### EXTRACTED DATA
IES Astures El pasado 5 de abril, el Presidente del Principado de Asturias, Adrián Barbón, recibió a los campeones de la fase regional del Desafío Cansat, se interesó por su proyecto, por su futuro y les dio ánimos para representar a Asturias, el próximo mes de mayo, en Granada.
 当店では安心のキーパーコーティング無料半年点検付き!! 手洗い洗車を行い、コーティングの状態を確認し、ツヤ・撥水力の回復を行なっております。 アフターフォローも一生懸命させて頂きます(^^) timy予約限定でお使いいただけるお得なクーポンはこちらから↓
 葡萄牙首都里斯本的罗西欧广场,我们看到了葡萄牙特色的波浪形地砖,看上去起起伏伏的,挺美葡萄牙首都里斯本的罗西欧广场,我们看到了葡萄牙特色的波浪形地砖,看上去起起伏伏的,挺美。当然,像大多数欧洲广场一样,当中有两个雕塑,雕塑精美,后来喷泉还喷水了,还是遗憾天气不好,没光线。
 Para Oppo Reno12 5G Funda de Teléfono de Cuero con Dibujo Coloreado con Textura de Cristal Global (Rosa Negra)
--
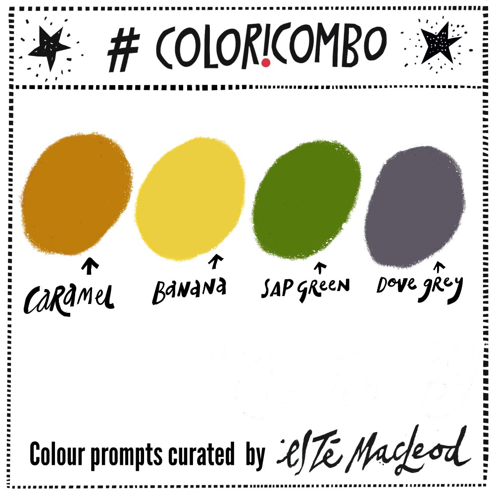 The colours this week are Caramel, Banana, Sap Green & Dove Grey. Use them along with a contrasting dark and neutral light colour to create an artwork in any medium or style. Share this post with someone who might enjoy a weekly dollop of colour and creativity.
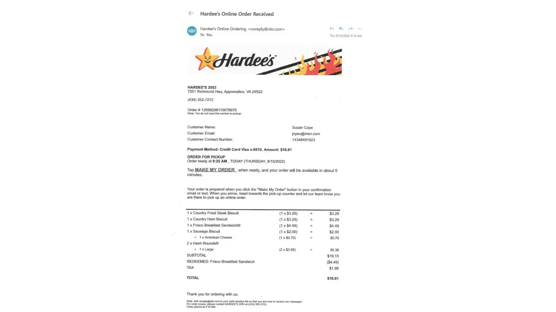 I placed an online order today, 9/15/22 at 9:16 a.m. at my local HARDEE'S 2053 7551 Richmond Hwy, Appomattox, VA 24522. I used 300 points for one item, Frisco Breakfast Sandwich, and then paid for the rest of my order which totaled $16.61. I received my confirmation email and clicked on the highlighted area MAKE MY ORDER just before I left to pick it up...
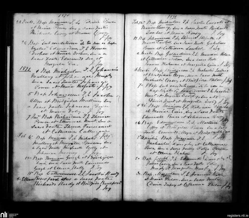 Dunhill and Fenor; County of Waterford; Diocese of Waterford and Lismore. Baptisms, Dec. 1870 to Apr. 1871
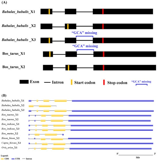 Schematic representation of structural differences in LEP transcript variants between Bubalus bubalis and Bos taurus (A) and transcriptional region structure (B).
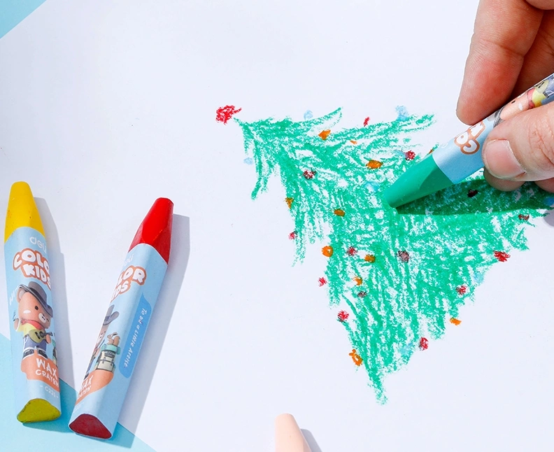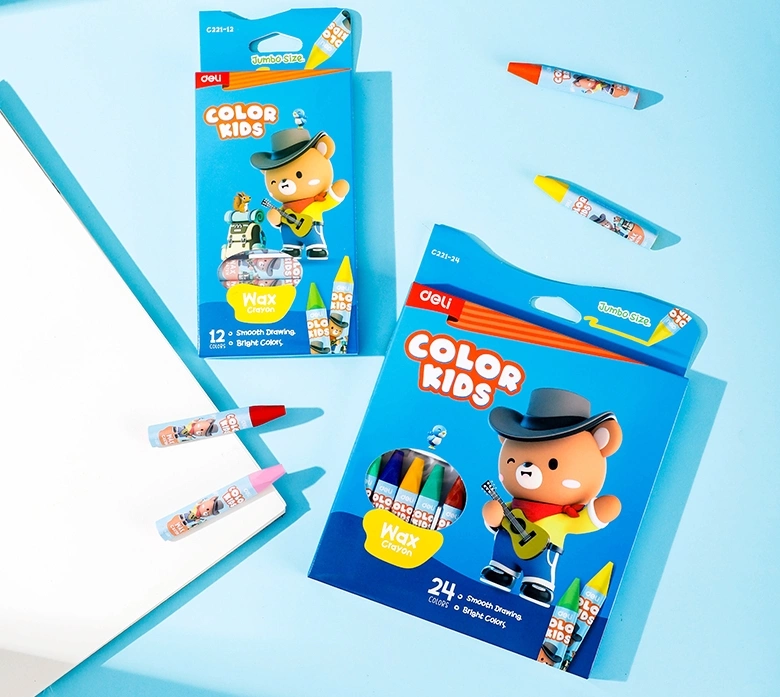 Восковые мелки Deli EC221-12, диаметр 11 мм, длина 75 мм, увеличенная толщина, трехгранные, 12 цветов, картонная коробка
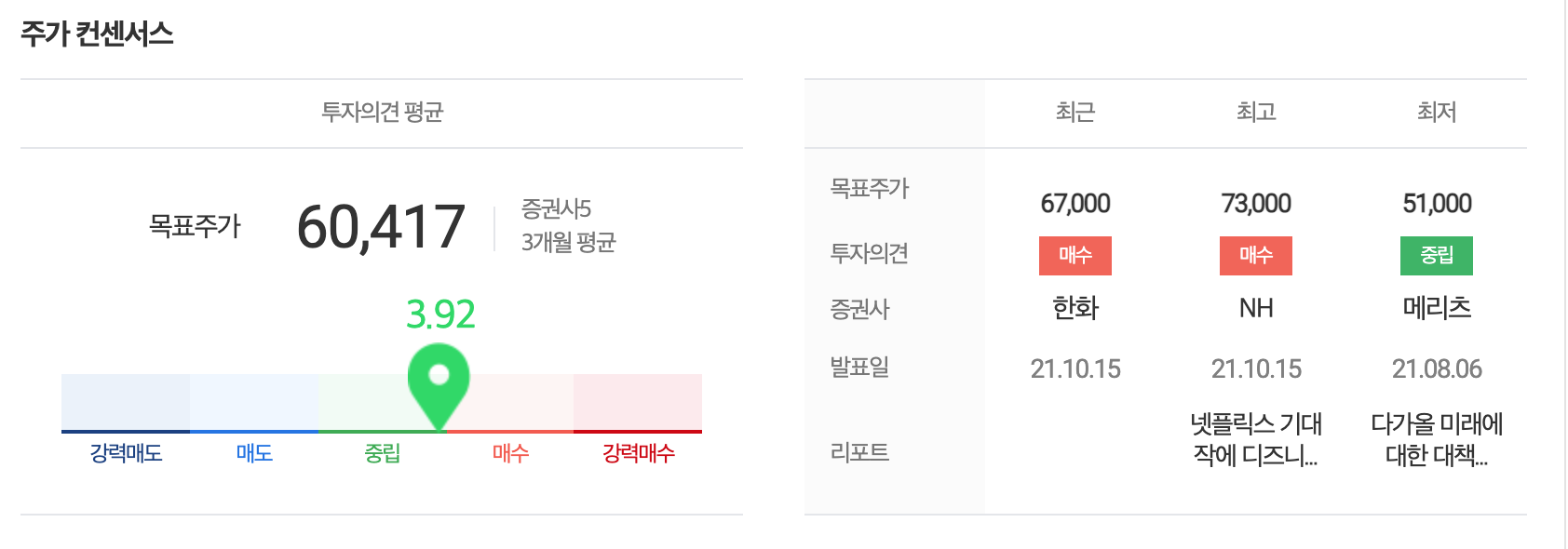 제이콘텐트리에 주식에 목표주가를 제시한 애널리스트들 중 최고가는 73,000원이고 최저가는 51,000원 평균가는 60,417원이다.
==
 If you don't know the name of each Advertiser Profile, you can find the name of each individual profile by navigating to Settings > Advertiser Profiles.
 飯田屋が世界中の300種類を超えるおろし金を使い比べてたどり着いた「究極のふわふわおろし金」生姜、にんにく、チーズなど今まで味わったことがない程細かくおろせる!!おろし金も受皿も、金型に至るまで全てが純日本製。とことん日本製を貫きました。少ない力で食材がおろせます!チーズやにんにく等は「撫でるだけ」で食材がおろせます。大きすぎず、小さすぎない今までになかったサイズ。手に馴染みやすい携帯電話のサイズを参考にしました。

### TASK DETAILS
Using the entries above, give again exactly the lines from the line holding "IES Astures El" through the line holding "Para Oppo Reno12". Include both end lines and nothing else.

### OUTPUT FOR THIS TASK
IES Astures El pasado 5 de abril, el Presidente del Principado de Asturias, Adrián Barbón, recibió a los campeones de la fase regional del Desafío Cansat, se interesó por su proyecto, por su futuro y les dio ánimos para representar a Asturias, el próximo mes de mayo, en Granada.
 当店では安心のキーパーコーティング無料半年点検付き!! 手洗い洗車を行い、コーティングの状態を確認し、ツヤ・撥水力の回復を行なっております。 アフターフォローも一生懸命させて頂きます(^^) timy予約限定でお使いいただけるお得なクーポンはこちらから↓
 葡萄牙首都里斯本的罗西欧广场,我们看到了葡萄牙特色的波浪形地砖,看上去起起伏伏的,挺美葡萄牙首都里斯本的罗西欧广场,我们看到了葡萄牙特色的波浪形地砖,看上去起起伏伏的,挺美。当然,像大多数欧洲广场一样,当中有两个雕塑,雕塑精美,后来喷泉还喷水了,还是遗憾天气不好,没光线。
 Para Oppo Reno12 5G Funda de Teléfono de Cuero con Dibujo Coloreado con Textura de Cristal Global (Rosa Negra)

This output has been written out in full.